Лопарев перекрестился тремя перстами.

 Сатанинским кукишем осенил себя!

 Нечистый дух!

 Святейшего батюшку позвать надо

 Да, чтоб нихто из правоверцев не зрил нечистого,  напомнил Елисей.  Грех будет.

 Грех! Грех!

 Осподи помилуй!

 Пить ради Бога!  Лопарев уперся локтями в землю.

 Изыди вон! Изыди, изыди!

 Нету для тя воды, нечистый дух!  затрясся Елисей.  Смолу кипучу хлебай, хоть от пуза, и сам варись в той смоле. Правоверцев не совратить тебе, нечистый! Изыди! В геенну кипучу! Вон, вон!

 Батогами гнать надо, праведник Елисей!  подсказал кто-то.

 Пусть благостный батюшка Филарет глянет  тогда погоним, ужо. Топтать будем, ужо. Пинать будем, ужо. Такоже славно будет Исусе многомилостивому, Исусе пресладкому, Исусе многострадному! Аллилуйю воспоем на всенощном моленье.

 Воспоем, воспоем!..

Кандальник решительно ничего не разумел из всего этого.

 Благостный батюшка Филарет идет со старцами,  сообщил Елисей и опустился на колени; двое других сделали то же.

 Люди! Или вы глухи? Помогите же!  тщетно молил Лопарев, пытаясь встать на ноги.

Сутулый, тщедушный Елисей торжественно затянул:

 Батюшка Филарет наш многомилостивый, многоправедный, яко сам Спаситель, благостный и пресладкий, спаси нас от погибели!

Двое, бородами касаясь земли, разом подхватили:

 Спаси нас! Спаси нас!

Елисей воздел руки к небу.

 Духовник наш многомилостивый, отец родной наш, покровитель наш и яко Спаситель, оборони от нечистого! Сатано приполз к становищу! Рога зрил; хвост зрил; огнь из горла исторгался, и смрадный дым шел. Аминь!..

Лопарев окончательно сбился с толку. О каком Сатане плел старикашка? И что они за люди? Будто мужики, и на мужиков не похожи. И кто этот их многомилостивый покровитель? Собрав все силы, он стал подыматься с земли и тут увидел, как двигался к нему некий старец, вид которого поверг Лопарева в трепет.

Старец был необыкновенно высок, с царя Петра, костлявый, прямой; на белой рубахе до колен искрилась такая же белая аршинная борода: поверх нее лежала толстая золотая цепь  увесистый осьмиконечный золотой крест. Холщовая рубаха была перетянута широким ремнем по чреслам; длинные белые космы, ни разу, видать, не стриженные, спускались ниже плеч. Старец был бос и шел величаво, опираясь на толстый посох с золотым набалдашником и железным наконечником,  точь-в-точь Иван Грозный со старинной иконы. И такой же горбоносый.

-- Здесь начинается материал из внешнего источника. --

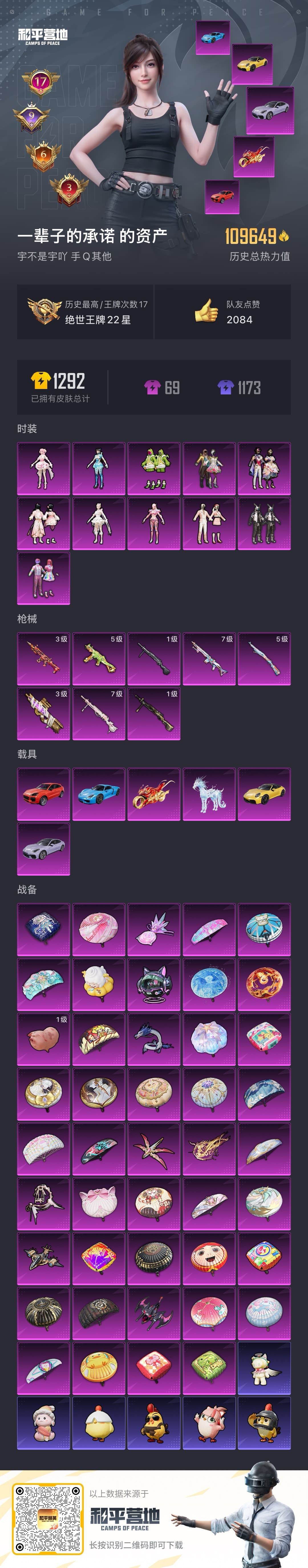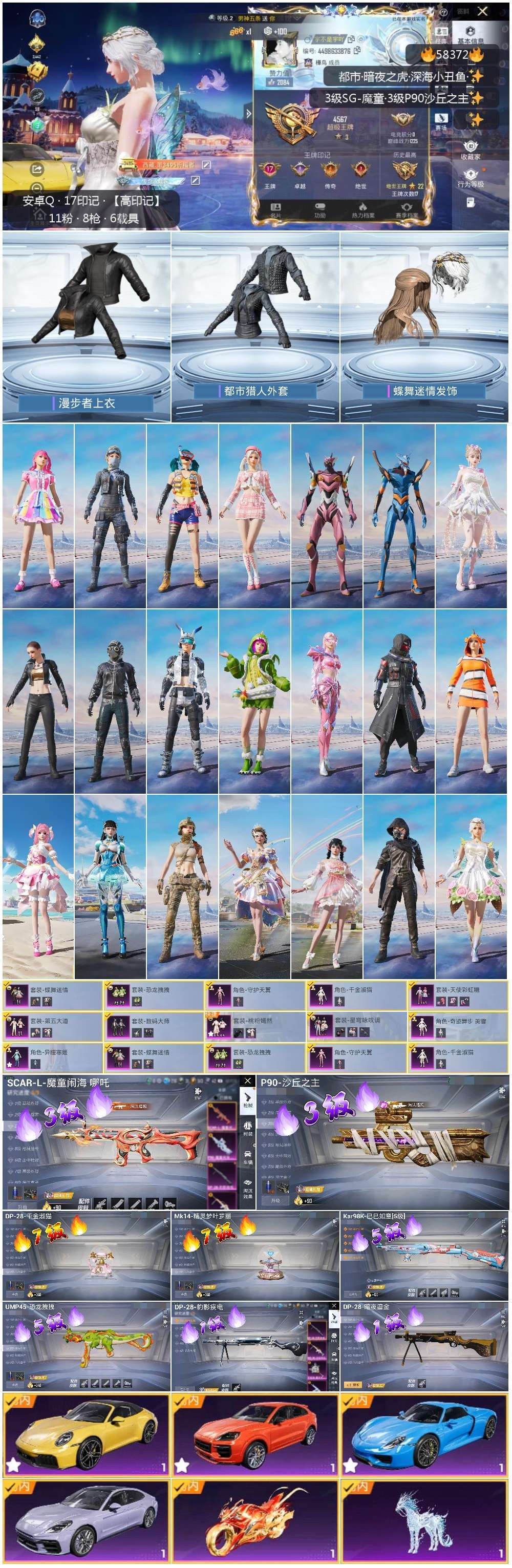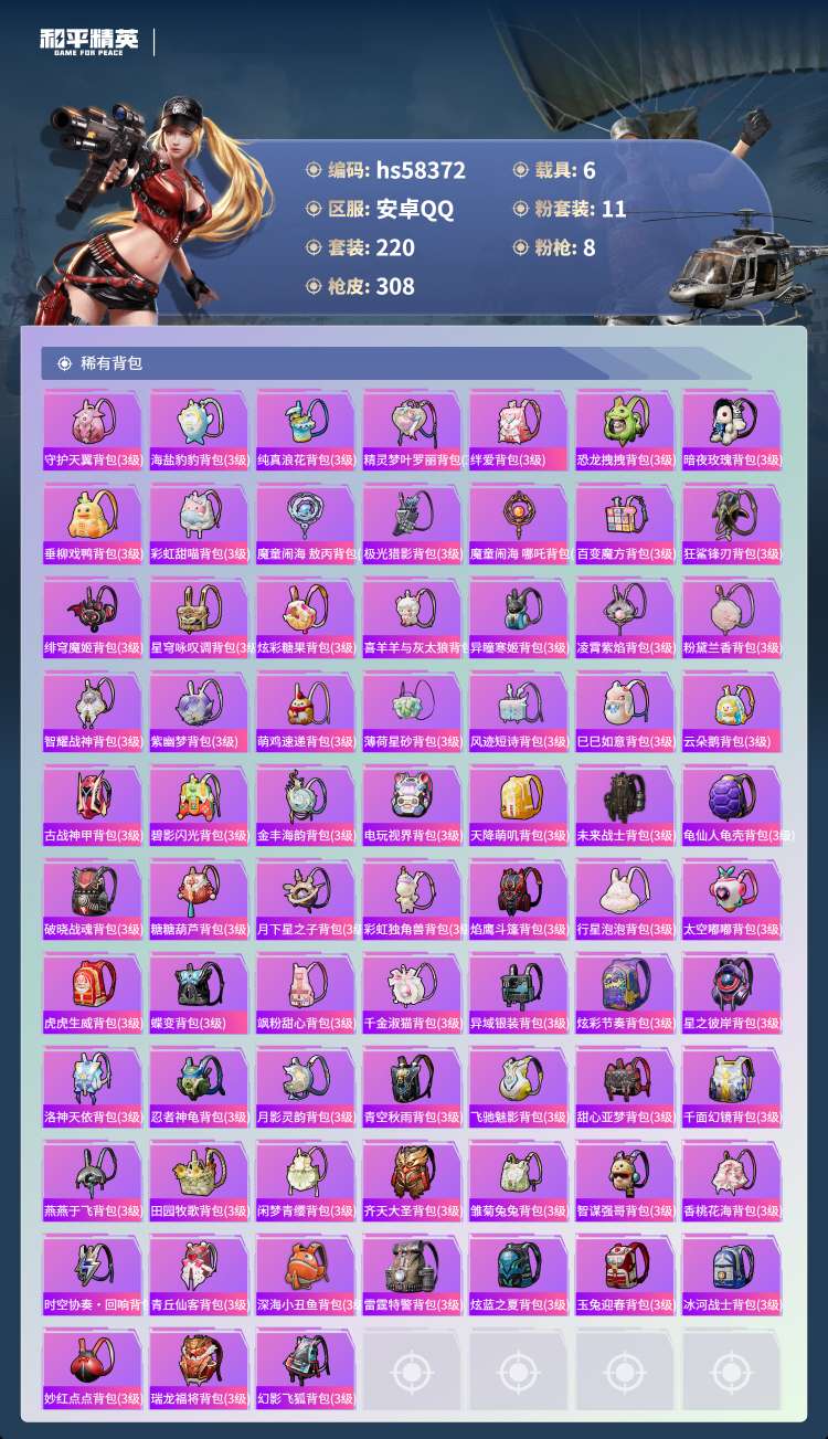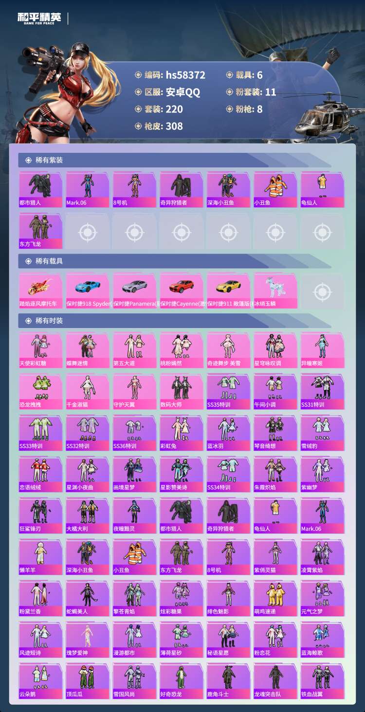 hs58372 安卓手Q-17王牌印记-11粉装-8特效枪-6载具-109649热力值-220套装-

 Кого Бог послал?  подойдя, спросил он.  Подымитесь, праведники. Спаси вас Христос.

 Спаси Христос, батюшка Филарет!  поднялись праведники, крестясь.

Старец грозно огляделся:

 Где зрите Филарета? Али у алтаря, на моленье? Из памяти вышибло, должно? Не вижу Филарета, старца. Игде он?

Старики испуганно переглянулись.

 Нету, нету!  подтвердил догадливый Елисей.  Бог даст, увидим. На моленье увидим, яко Спасителя. Воспоем аллилуйю, праведники, батюшке Филарету.

 Аллилуйя, аллилуйя!  воспели бородачи.

Старец стукнул посохом, сердито напомнил:

 Когда явится к нам батюшка Филарет, тогда и аллилуйю петь будем. Кого Бог послал  сказывайте!  кивнул на Лопарева.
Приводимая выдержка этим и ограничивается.